Alexander-Markov correspondence for doodles on closed surfaces

TL;DR

This paper introduces twisted virtual doodles on closed surfaces, extending classical and virtual doodle theories through a braid-theoretic framework, and analyzes their algebraic properties.

Contribution

It develops a new class of twisted virtual doodles, defines associated twisted virtual twin groups, and establishes Alexander- and Markov-type theorems for these objects.

Findings

Unified classical and virtual doodle theories.

Presented presentations and properties of twisted virtual twin groups.
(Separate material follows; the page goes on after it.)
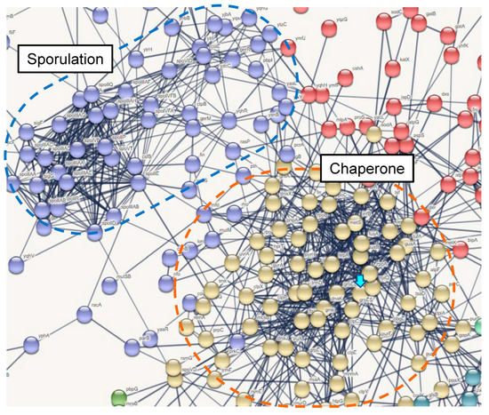 Network analysis for the upregulated genes in B. subtilis natto strain 1 compared to B. subtilis natto strain 15. Among whole networks, genes involved in Sporulation and Chaperone were showed by blue and red circles. GroEL was indicated by an arrow.

Proved that these groups have trivial center, are residually finite, and Hopfian.

Abstract

In this paper, we introduce twisted virtual doodles, defined as stable equivalence classes of immersed circles on closed surfaces that may be non-orientable. These objects admit planar representative diagrams, considered up to a suitable set of Reidemeister-type moves. To develop the associated braid-theoretic framework, we define twisted virtual twin groups as natural extensions of virtual twin groups, and establish Alexander- and Markov-type theorems in this set-up. This shows that twisted virtual doodles unify and extend both classical and virtual doodle theories. We further investigate the structure of the pure twisted virtual twin group, providing a presentation and deriving several structural and combinatorial properties. In particular, we obtain two interesting decompositions of the twisted virtual twin group and its pure subgroup, from which it follows that both groups have trivial center and are residually finite as well as Hopfian.